**** Available records

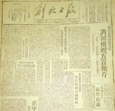 1944年9月27日《解放日報》:太行各縣剿蝗大捷,消滅飛蝗五百萬斤
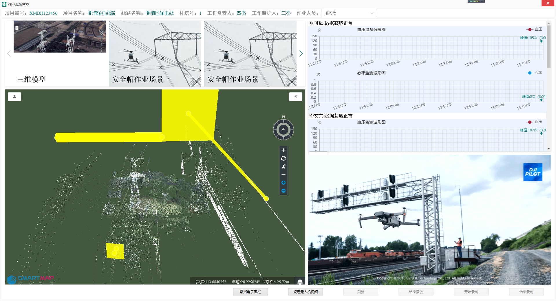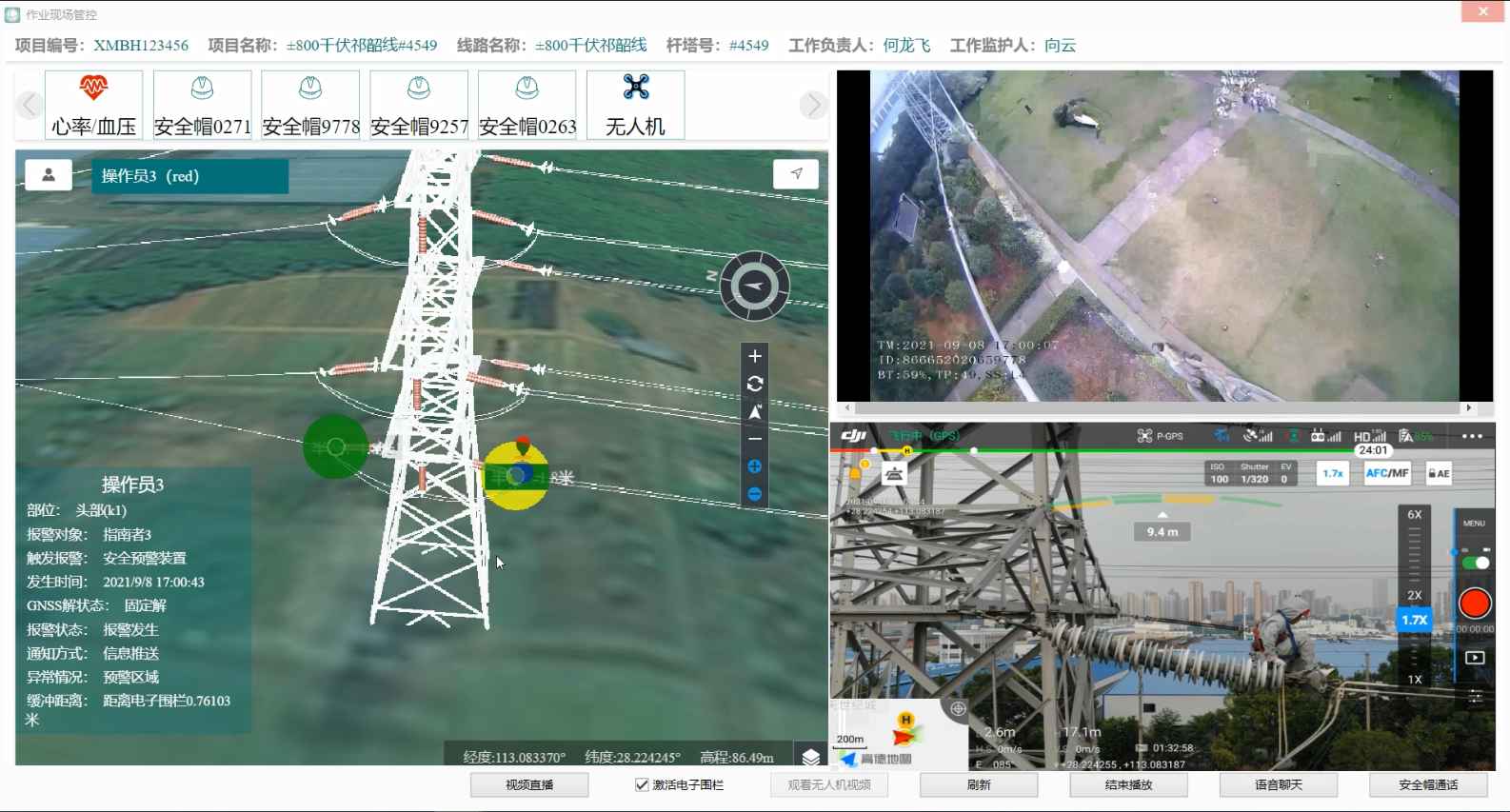 研制作业过程高空监控无人机与智能安全帽,作业现场监控无人机悬停全程摄像,智能安全帽拍摄、回传带电作业人员第一视角摄像画面,视频数据可回传至地面管控端及远程指挥中心。
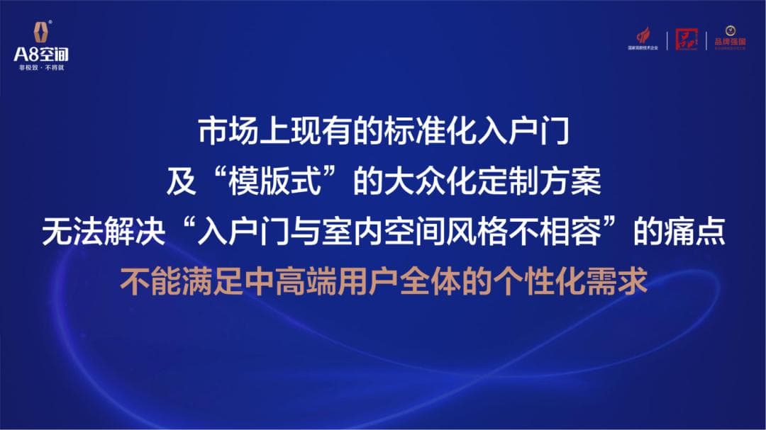 作为家居空间的 “门面担当”,市场上现有的标准化入户门以及“模板” 式的大众化定制方案,没有与内部的空间呼应起来,不能满足中高端用户群体的个性化需求。
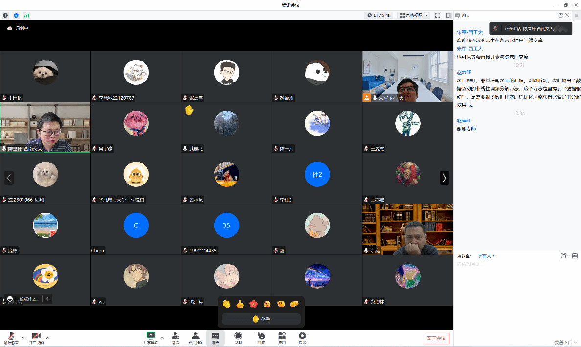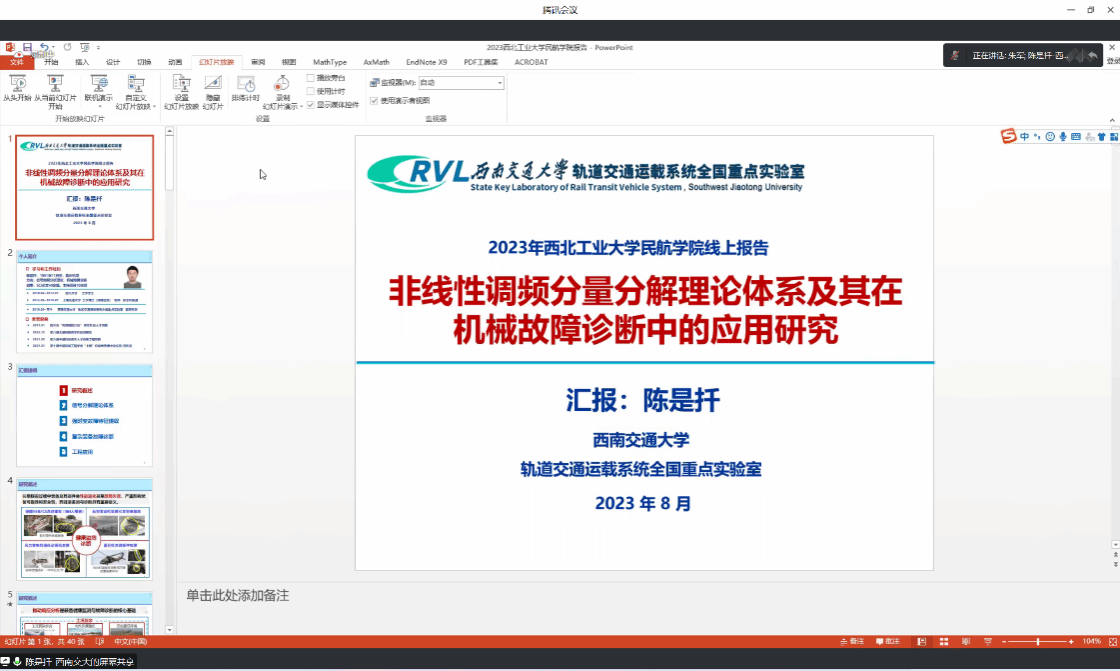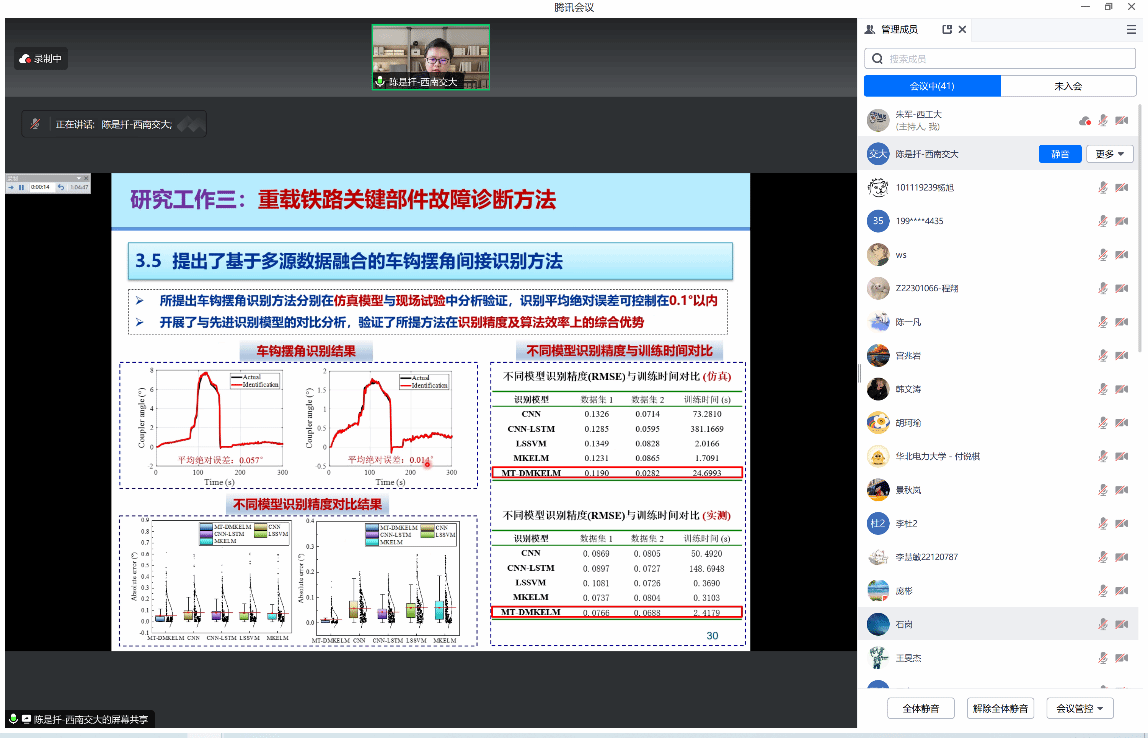 8月19日上午,应公司朱军副教授的邀请,来自西南交通大学的陈是扦老师为beats365官方网站师生开展主题为“非线性调频分量分解理论及其在故障诊断中的应用研究”的线上研讨会,公司余亮老师和外校师生合计超过40多人参加了此次研讨会,研讨会由朱军主持。
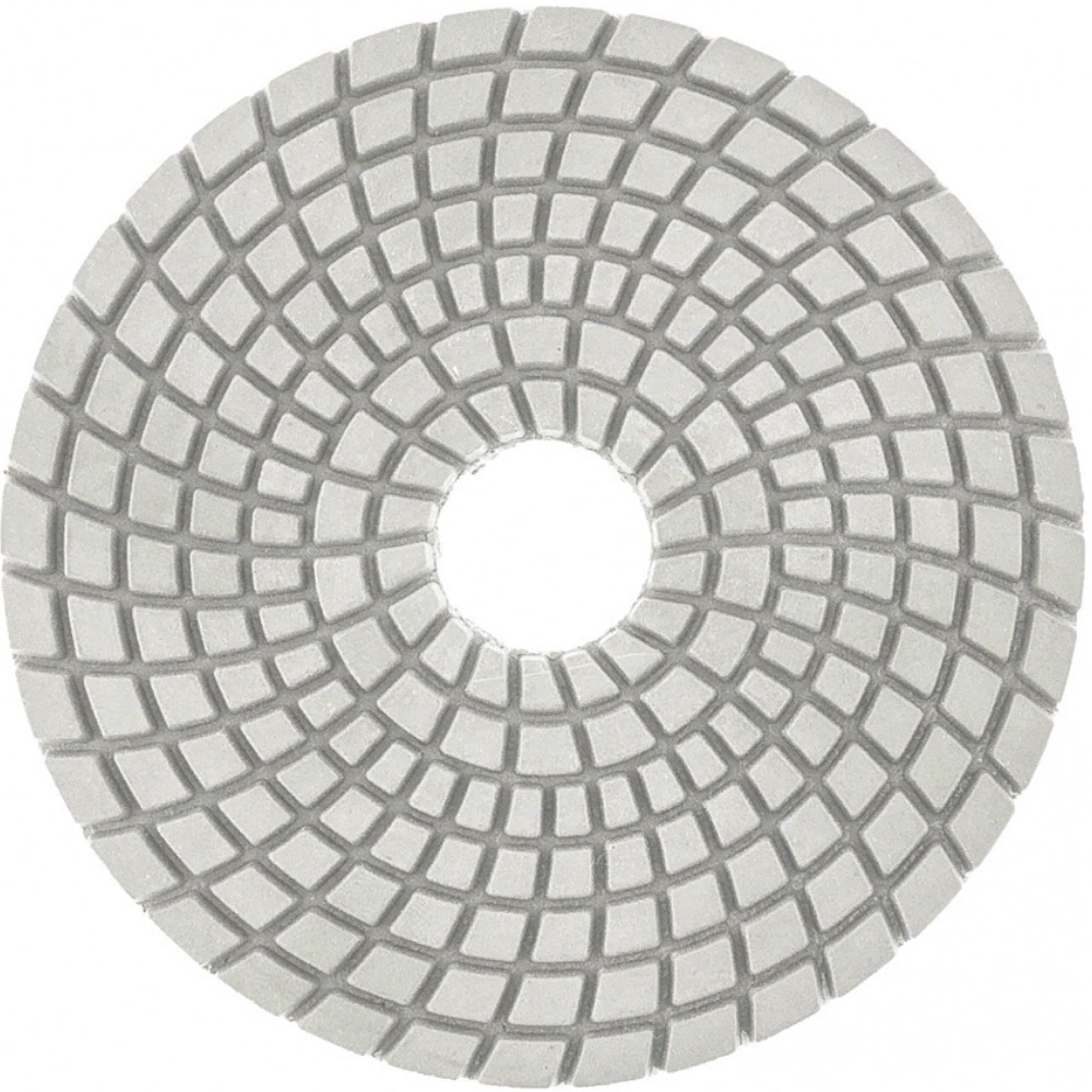 Алмазный гибкий шлифовальный круг Matrix 73510 диаметром 100 мм, с зернистостью P 400, предназначен для мокрого шлифования и используется при проведении строительных, отделочных и художественных работ. Абразив зернистостью P 400 позволяет проводить чистовую обработку, придавать гладкость гранитным, каменным, керамогранитным и мраморным поверхностям. Рабочая часть выполнена из белого термопластика с алмазным напылением и подходит для использования на цветных, преимущественно белых, материалах. Гибкая основа круга облегчает шлифовку рельефных элементов. Круг используется на УШМ с установленной опорной тарелкой для АГШК.
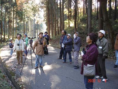 | 今回のテーマとなったルリビタキ(青い鳥)とジョウビタキ(赤い鳥)もここ昭和の森自然公園においては、そんな冬のバードウォッチングで出会うことのできる代表的な鳥たちです。 鳴き声から、必ずこの広い公園の中にいることはわかっているのですが、今回はその姿を見つけられなかったルリビタキ。右はそんなルリビタキが好むやや薄暗い斜面林で、参加者の皆さんが全員耳を澄ませて鳴き声を捉えようとしている場面です。 |

********

Could the data above be reproduced exactly, with the pictures left out?

 1944年9月27日《解放日報》:太行各縣剿蝗大捷,消滅飛蝗五百萬斤
 研制作业过程高空监控无人机与智能安全帽,作业现场监控无人机悬停全程摄像,智能安全帽拍摄、回传带电作业人员第一视角摄像画面,视频数据可回传至地面管控端及远程指挥中心。
 作为家居空间的 “门面担当”,市场上现有的标准化入户门以及“模板” 式的大众化定制方案,没有与内部的空间呼应起来,不能满足中高端用户群体的个性化需求。
 8月19日上午,应公司朱军副教授的邀请,来自西南交通大学的陈是扦老师为beats365官方网站师生开展主题为“非线性调频分量分解理论及其在故障诊断中的应用研究”的线上研讨会,公司余亮老师和外校师生合计超过40多人参加了此次研讨会,研讨会由朱军主持。
 Алмазный гибкий шлифовальный круг Matrix 73510 диаметром 100 мм, с зернистостью P 400, предназначен для мокрого шлифования и используется при проведении строительных, отделочных и художественных работ. Абразив зернистостью P 400 позволяет проводить чистовую обработку, придавать гладкость гранитным, каменным, керамогранитным и мраморным поверхностям. Рабочая часть выполнена из белого термопластика с алмазным напылением и подходит для использования на цветных, преимущественно белых, материалах. Гибкая основа круга облегчает шлифовку рельефных элементов. Круг используется на УШМ с установленной опорной тарелкой для АГШК.
 | 今回のテーマとなったルリビタキ(青い鳥)とジョウビタキ(赤い鳥)もここ昭和の森自然公園においては、そんな冬のバードウォッチングで出会うことのできる代表的な鳥たちです。 鳴き声から、必ずこの広い公園の中にいることはわかっているのですが、今回はその姿を見つけられなかったルリビタキ。右はそんなルリビタキが好むやや薄暗い斜面林で、参加者の皆さんが全員耳を澄ませて鳴き声を捉えようとしている場面です。 |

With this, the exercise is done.